英国アンティークシルバーのクリスニングギフト
投稿日: 投稿者:WATANABETAIGA
クリスニングギフトとは?
「クリスニング」とはキリスト教の入信に対して行われる洗礼の儀式のことです。
洗礼式のやりかたは国やキリスト教の会派などで異なりますが、当時の英国では両親がキリスト教徒であれば生まれて1年以内に協会で洗礼式を受けるのが一般的でした。
日本でいうと「初節句」のようなイメージになると思います。
洗礼を受けた際、その赤ちゃんの生涯の健康や成功を願って贈られるアイテムをクリスニングギフトと呼びます。

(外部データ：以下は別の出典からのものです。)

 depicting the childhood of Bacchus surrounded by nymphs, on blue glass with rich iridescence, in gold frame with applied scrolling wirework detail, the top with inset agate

クリスニングギフトはピューター製やシルバープレート製のものもありますが、裕福な家庭では純銀製(スターリングシルバー)のものが選ばれていました。
イギリスでは洗礼式の際にスプーンを使って「お食い初め」を行う習慣があり「銀の匙をくわえて生まれる」ということわざは、裕福な家に生まれた子供を意味します。
クリスニングギフトの特徴
クリスニングギフトはシルバーカラーのものが多いです。
古くからヨーロッパでは銀には通貨としての価値があったため、子供たちの将来の経済的な安定を象徴するものとして銀貨などを贈るという習慣がありました。
また、銀には抗菌作用があることから中世ヨーロッパでペストが流行した際に、親が子供たちに銀のスプーンを吸うように勧めたことが由来になっているとも言われます。

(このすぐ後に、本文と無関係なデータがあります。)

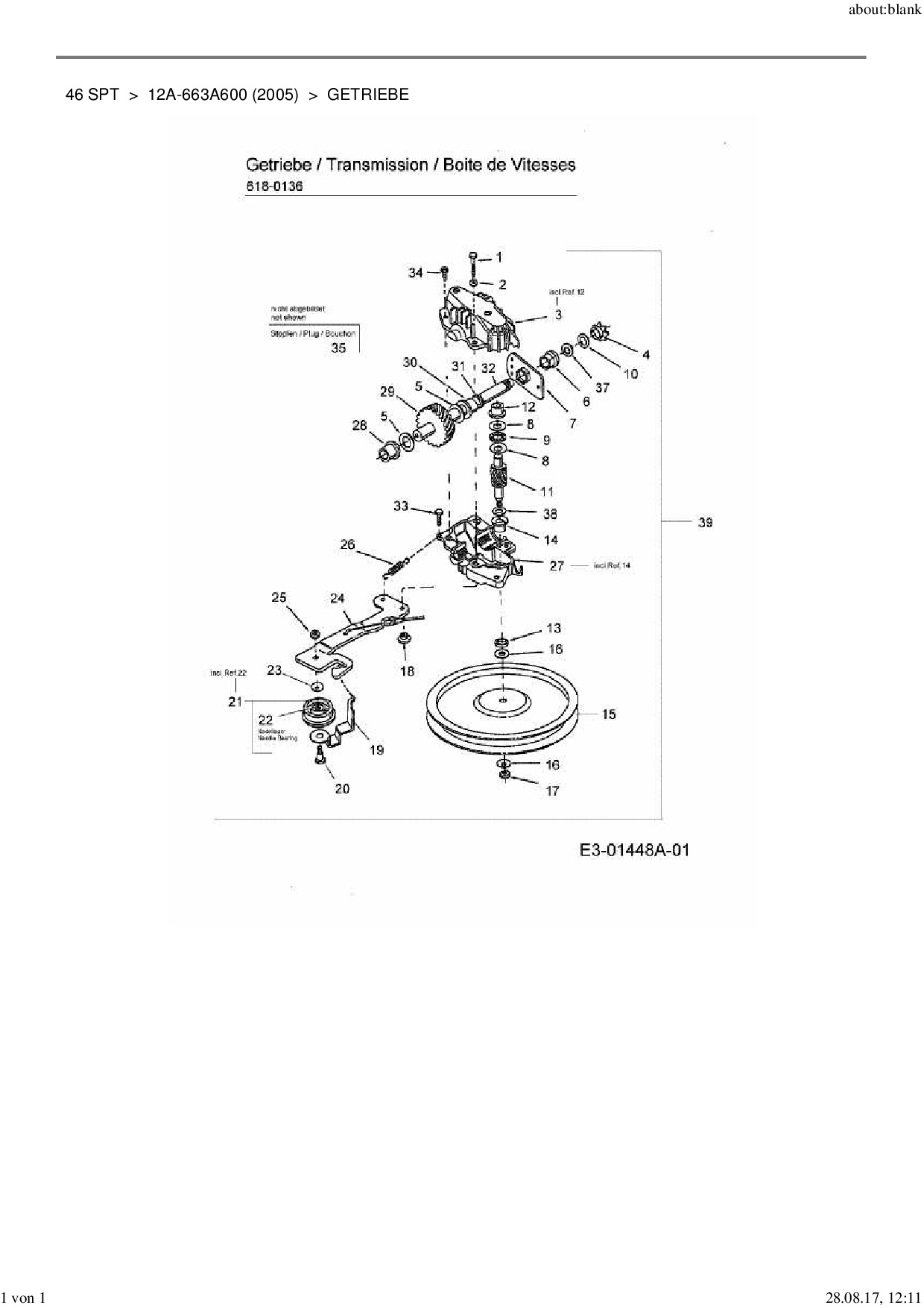 Ersatzteile für Motormäher mit Antrieb MTD 46 SPT aus der Zeichnung Getriebe:

英国のチューダー朝(1485-1603年)のころには「アポストル・スプーン」と呼ばれる使徒の姿が彫刻された銀のスプーンを贈る習慣が広まっていったようです。
19世紀のビクトリア朝後期にはクリスニングギフトが発展し、スプーンだけでなくカトラリーセットやマグカップ、ナプキンリングなど様々な種類のものが贈られるようになります。
クリスニングギフトはパーソナルな贈り物であることから、送り主や子供のイニシャル、洗礼式や誕生日の日付などが刻まれていることが多いです。
また豪華なケースに入っている物が多いのも特徴です。
クリスニングギフトの種類
1.銀食器
やはりいちばん多いのは銀のスプーンを含む食器類です。
スプーンだけでなく、ナイフとフォークがセットになったものやボウルや皿、ナプキンリング、エッグカップなどがセットになったものもあります。
2.カップ
3.その他
ガラガラ(rattle)や銀貨なども伝統的なクリスニングギフトです。
比較的新しいものだとフォトフレームやオルゴールなどもあります。
まとめ
クリスニングギフトは一生の記念になる贈り物です。
特にアンティークの裕福な家庭の子供に贈られたものは、贅を凝らした装飾がほどこされていて、シルバーアンティークの中でも特に美しいものがたくさんあります。
カトラリーやカップのサイズは大人用のディナーカトラリーやカップよりも少し小ぶりなものが多く、手の小さな日本人にはちょうどよいサイズのものが多いです。
通常のカトラリーセットは6セット以上の物が多いので、自分だけの特別なカトラリーとして探す場合はクリスニングカトラリーを探すのも良いでしょう。